What you will do >> Locate the line that contains "And can we talk" in the data that follows. Copy it and every subsequent line to the end, exactly, excluding pictures.

Provided material >>
++++++

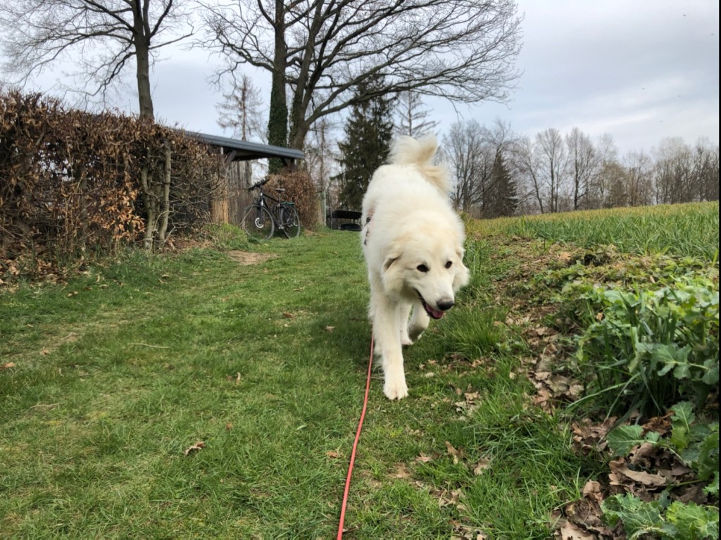 Nachmittags bin ich mit meinem großen Mensch spazieren gegangen und da ist meine große Menschenschwester auch mitgekommen. Heute geht es mir vielviel besser. Ich kann wieder ganz wild rumflitzen. Und frech sein und lachen. Die Bella kann lachen! Jawoll! Wir sind die große Straße lang zum Feldweg und dann an den Waldrand gegangen. Ich konnte wieder ganz viel und schön schnuffeln. Das gefällt mir. Über die Wiese sind wir dann zur Siedlung gegangen. Da habe ich meine Appenzeller Freundin getroffen. Die war nämlich auch spazieren und gerade nach Hause gekommen. Dann sind wir nach Hause gegangen.
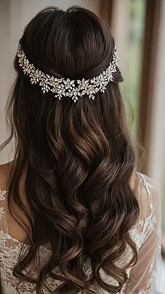 And can we talk about that stunning sparkly accessory? It’s like a little crown of delicate leaves and crystals tucked right into those perfectly styled locks, adding just the right amount of shimmer to your whole vibe. It makes the entire look feel extra special and elegant without being over the top – perfect for celebrating ‘I do’s’ when the air is crisp and the leaves are changing. Get ready to turn heads and probably get asked for your hair secrets all night long!
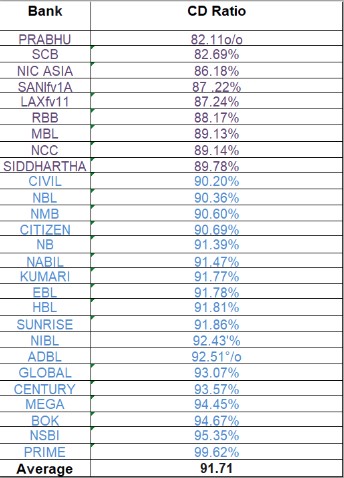 त्यस्तै, ९१ र ९० प्रतिशतको हाराहारीमा सीडी रेसियो हुने बैंकहरूमा सनराइज बैंक, हिमालयन, एभरेष्ट, कुमारी, नबिल, नेपाल बंगलादेश, सिटिजन्स, एनएमबी, नेपाल बैंक र सिभिल बैंक छन् ।

++++++

Completed exercise >>
 And can we talk about that stunning sparkly accessory? It’s like a little crown of delicate leaves and crystals tucked right into those perfectly styled locks, adding just the right amount of shimmer to your whole vibe. It makes the entire look feel extra special and elegant without being over the top – perfect for celebrating ‘I do’s’ when the air is crisp and the leaves are changing. Get ready to turn heads and probably get asked for your hair secrets all night long!
 त्यस्तै, ९१ र ९० प्रतिशतको हाराहारीमा सीडी रेसियो हुने बैंकहरूमा सनराइज बैंक, हिमालयन, एभरेष्ट, कुमारी, नबिल, नेपाल बंगलादेश, सिटिजन्स, एनएमबी, नेपाल बैंक र सिभिल बैंक छन् ।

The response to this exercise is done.